Task material |
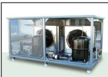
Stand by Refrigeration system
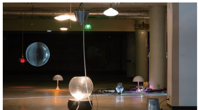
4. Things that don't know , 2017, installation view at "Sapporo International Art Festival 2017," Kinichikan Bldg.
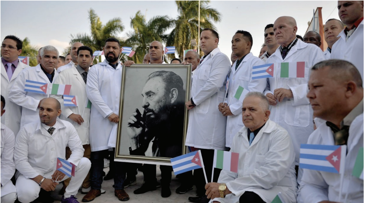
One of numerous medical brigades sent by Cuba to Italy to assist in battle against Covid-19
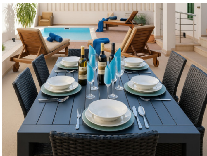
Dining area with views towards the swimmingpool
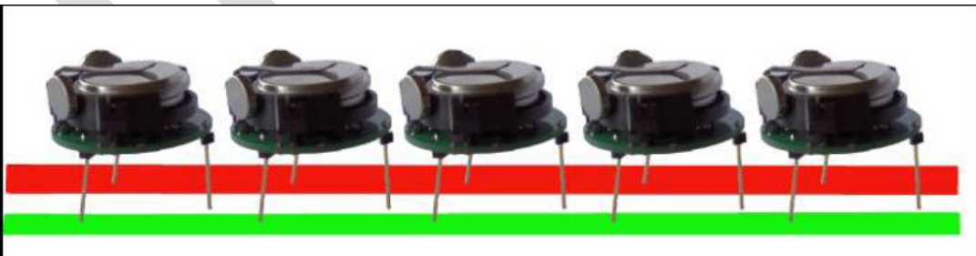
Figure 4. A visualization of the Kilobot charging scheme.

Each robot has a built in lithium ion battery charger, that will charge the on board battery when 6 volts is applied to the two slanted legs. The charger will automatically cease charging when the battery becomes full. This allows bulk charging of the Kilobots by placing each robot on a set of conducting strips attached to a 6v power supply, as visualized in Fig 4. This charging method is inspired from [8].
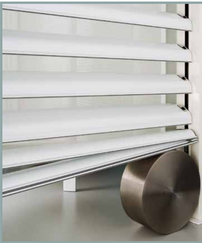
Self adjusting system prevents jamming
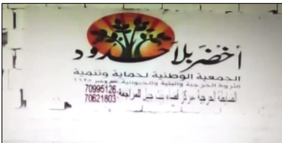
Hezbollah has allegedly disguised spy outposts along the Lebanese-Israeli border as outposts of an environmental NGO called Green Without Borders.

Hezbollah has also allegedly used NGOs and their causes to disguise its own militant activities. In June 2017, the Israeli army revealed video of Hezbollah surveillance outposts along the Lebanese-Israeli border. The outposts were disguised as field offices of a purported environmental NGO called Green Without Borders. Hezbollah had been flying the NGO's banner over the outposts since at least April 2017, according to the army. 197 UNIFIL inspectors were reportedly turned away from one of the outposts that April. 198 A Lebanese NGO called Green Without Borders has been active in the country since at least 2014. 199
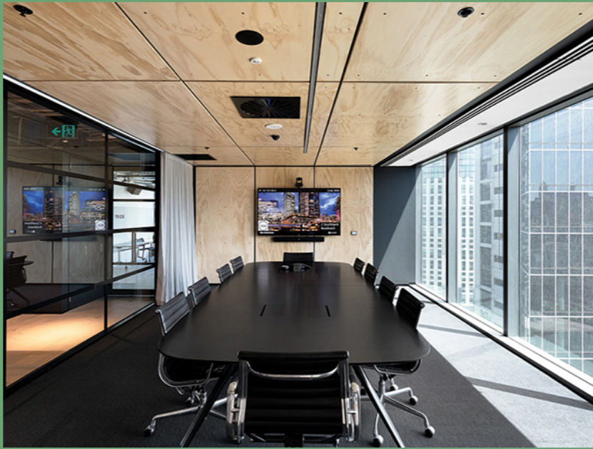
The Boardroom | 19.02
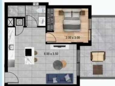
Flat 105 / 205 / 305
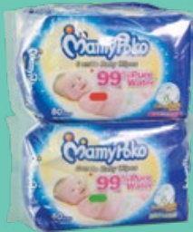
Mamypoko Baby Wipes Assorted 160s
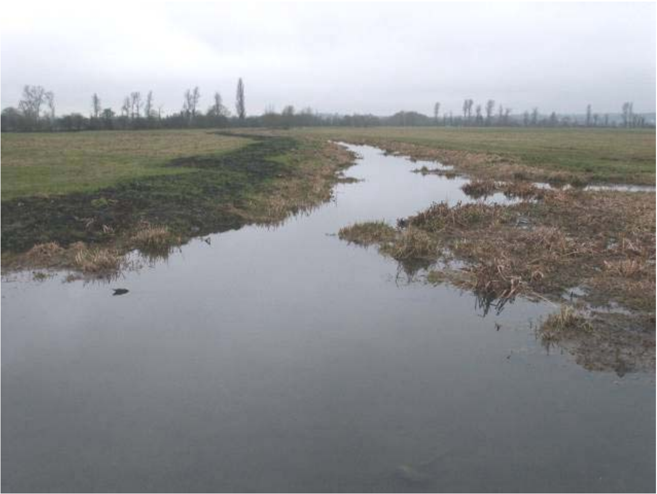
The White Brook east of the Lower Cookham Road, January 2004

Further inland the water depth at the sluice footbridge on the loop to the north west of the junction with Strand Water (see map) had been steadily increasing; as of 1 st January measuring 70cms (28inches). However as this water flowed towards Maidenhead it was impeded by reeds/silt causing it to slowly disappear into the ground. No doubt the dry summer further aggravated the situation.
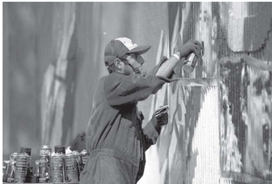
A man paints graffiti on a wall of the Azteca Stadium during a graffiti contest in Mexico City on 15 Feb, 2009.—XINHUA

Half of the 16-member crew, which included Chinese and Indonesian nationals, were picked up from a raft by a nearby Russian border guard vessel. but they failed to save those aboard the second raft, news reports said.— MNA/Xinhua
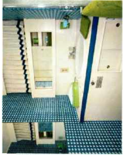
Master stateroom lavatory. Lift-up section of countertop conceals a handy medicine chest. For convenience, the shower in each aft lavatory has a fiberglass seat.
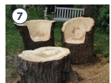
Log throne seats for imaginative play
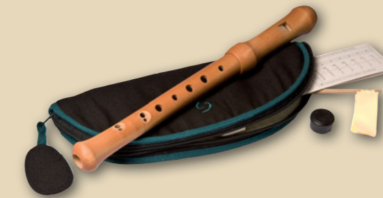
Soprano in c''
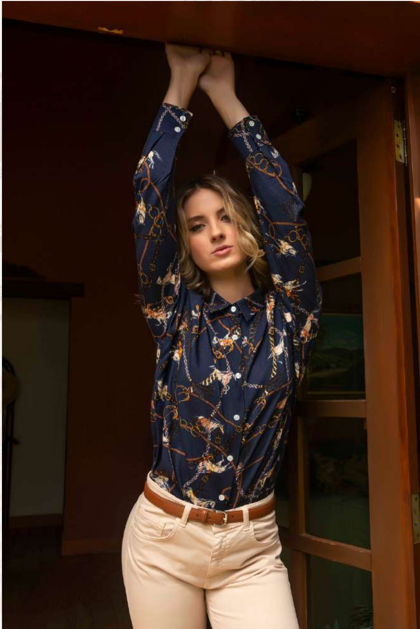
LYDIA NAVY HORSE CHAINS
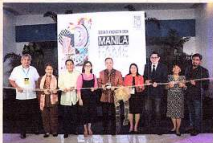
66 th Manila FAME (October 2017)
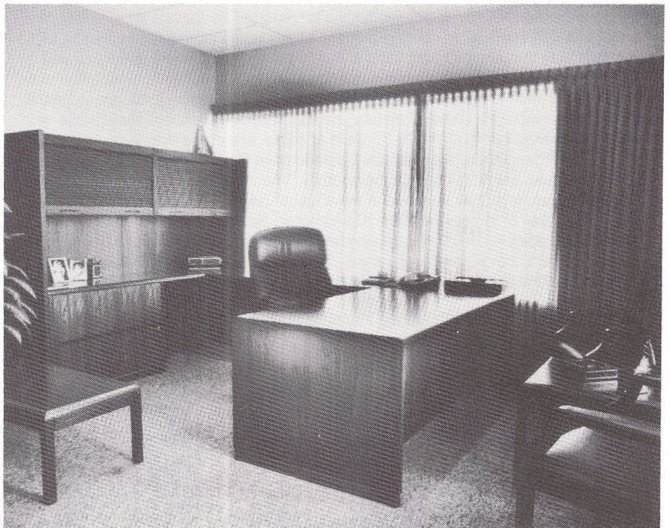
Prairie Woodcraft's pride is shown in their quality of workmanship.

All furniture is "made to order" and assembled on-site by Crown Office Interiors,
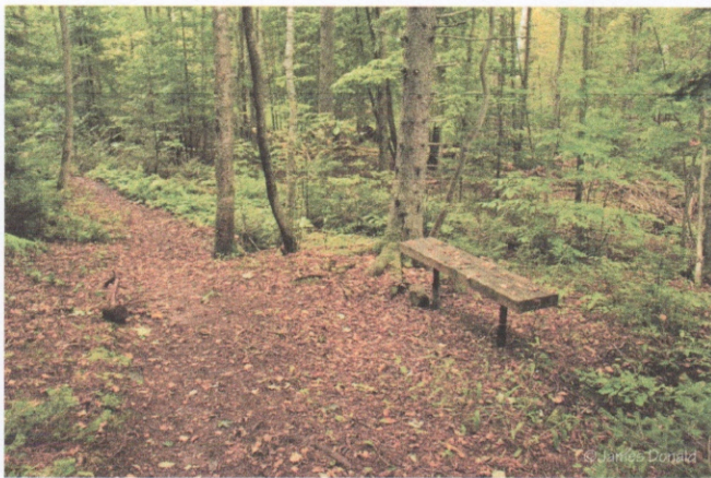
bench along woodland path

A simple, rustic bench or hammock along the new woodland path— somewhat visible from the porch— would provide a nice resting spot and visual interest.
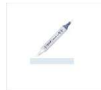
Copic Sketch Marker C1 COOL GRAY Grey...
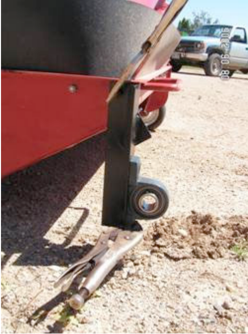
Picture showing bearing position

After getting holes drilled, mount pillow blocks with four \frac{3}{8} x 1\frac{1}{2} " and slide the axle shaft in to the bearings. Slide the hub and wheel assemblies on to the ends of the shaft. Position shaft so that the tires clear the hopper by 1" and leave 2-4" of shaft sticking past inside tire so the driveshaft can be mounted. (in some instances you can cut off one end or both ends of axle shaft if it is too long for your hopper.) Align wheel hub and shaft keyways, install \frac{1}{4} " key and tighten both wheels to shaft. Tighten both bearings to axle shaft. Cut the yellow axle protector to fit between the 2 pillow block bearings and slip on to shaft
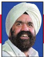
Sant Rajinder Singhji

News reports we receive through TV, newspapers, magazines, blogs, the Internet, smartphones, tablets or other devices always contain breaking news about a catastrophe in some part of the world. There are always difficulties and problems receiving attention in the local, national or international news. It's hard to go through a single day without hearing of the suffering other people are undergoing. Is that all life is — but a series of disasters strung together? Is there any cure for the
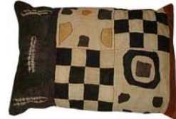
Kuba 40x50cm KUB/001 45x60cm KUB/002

What you need to do | An exact copy of the entries above, with no pictures, is the required answer.

Written solution |
Stand by Refrigeration system
4. Things that don't know , 2017, installation view at "Sapporo International Art Festival 2017," Kinichikan Bldg.
One of numerous medical brigades sent by Cuba to Italy to assist in battle against Covid-19
Dining area with views towards the swimmingpool
Figure 4. A visualization of the Kilobot charging scheme.

Each robot has a built in lithium ion battery charger, that will charge the on board battery when 6 volts is applied to the two slanted legs. The charger will automatically cease charging when the battery becomes full. This allows bulk charging of the Kilobots by placing each robot on a set of conducting strips attached to a 6v power supply, as visualized in Fig 4. This charging method is inspired from [8].
Self adjusting system prevents jamming
Hezbollah has allegedly disguised spy outposts along the Lebanese-Israeli border as outposts of an environmental NGO called Green Without Borders.

Hezbollah has also allegedly used NGOs and their causes to disguise its own militant activities. In June 2017, the Israeli army revealed video of Hezbollah surveillance outposts along the Lebanese-Israeli border. The outposts were disguised as field offices of a purported environmental NGO called Green Without Borders. Hezbollah had been flying the NGO's banner over the outposts since at least April 2017, according to the army. 197 UNIFIL inspectors were reportedly turned away from one of the outposts that April. 198 A Lebanese NGO called Green Without Borders has been active in the country since at least 2014. 199
The Boardroom | 19.02
Flat 105 / 205 / 305
Mamypoko Baby Wipes Assorted 160s
The White Brook east of the Lower Cookham Road, January 2004

Further inland the water depth at the sluice footbridge on the loop to the north west of the junction with Strand Water (see map) had been steadily increasing; as of 1 st January measuring 70cms (28inches). However as this water flowed towards Maidenhead it was impeded by reeds/silt causing it to slowly disappear into the ground. No doubt the dry summer further aggravated the situation.
A man paints graffiti on a wall of the Azteca Stadium during a graffiti contest in Mexico City on 15 Feb, 2009.—XINHUA

Half of the 16-member crew, which included Chinese and Indonesian nationals, were picked up from a raft by a nearby Russian border guard vessel. but they failed to save those aboard the second raft, news reports said.— MNA/Xinhua
Master stateroom lavatory. Lift-up section of countertop conceals a handy medicine chest. For convenience, the shower in each aft lavatory has a fiberglass seat.
Log throne seats for imaginative play
Soprano in c''
LYDIA NAVY HORSE CHAINS
66 th Manila FAME (October 2017)
Prairie Woodcraft's pride is shown in their quality of workmanship.

All furniture is "made to order" and assembled on-site by Crown Office Interiors,
bench along woodland path

A simple, rustic bench or hammock along the new woodland path— somewhat visible from the porch— would provide a nice resting spot and visual interest.
Copic Sketch Marker C1 COOL GRAY Grey...
Picture showing bearing position

After getting holes drilled, mount pillow blocks with four \frac{3}{8} x 1\frac{1}{2} " and slide the axle shaft in to the bearings. Slide the hub and wheel assemblies on to the ends of the shaft. Position shaft so that the tires clear the hopper by 1" and leave 2-4" of shaft sticking past inside tire so the driveshaft can be mounted. (in some instances you can cut off one end or both ends of axle shaft if it is too long for your hopper.) Align wheel hub and shaft keyways, install \frac{1}{4} " key and tighten both wheels to shaft. Tighten both bearings to axle shaft. Cut the yellow axle protector to fit between the 2 pillow block bearings and slip on to shaft
Sant Rajinder Singhji

News reports we receive through TV, newspapers, magazines, blogs, the Internet, smartphones, tablets or other devices always contain breaking news about a catastrophe in some part of the world. There are always difficulties and problems receiving attention in the local, national or international news. It's hard to go through a single day without hearing of the suffering other people are undergoing. Is that all life is — but a series of disasters strung together? Is there any cure for the
Kuba 40x50cm KUB/001 45x60cm KUB/002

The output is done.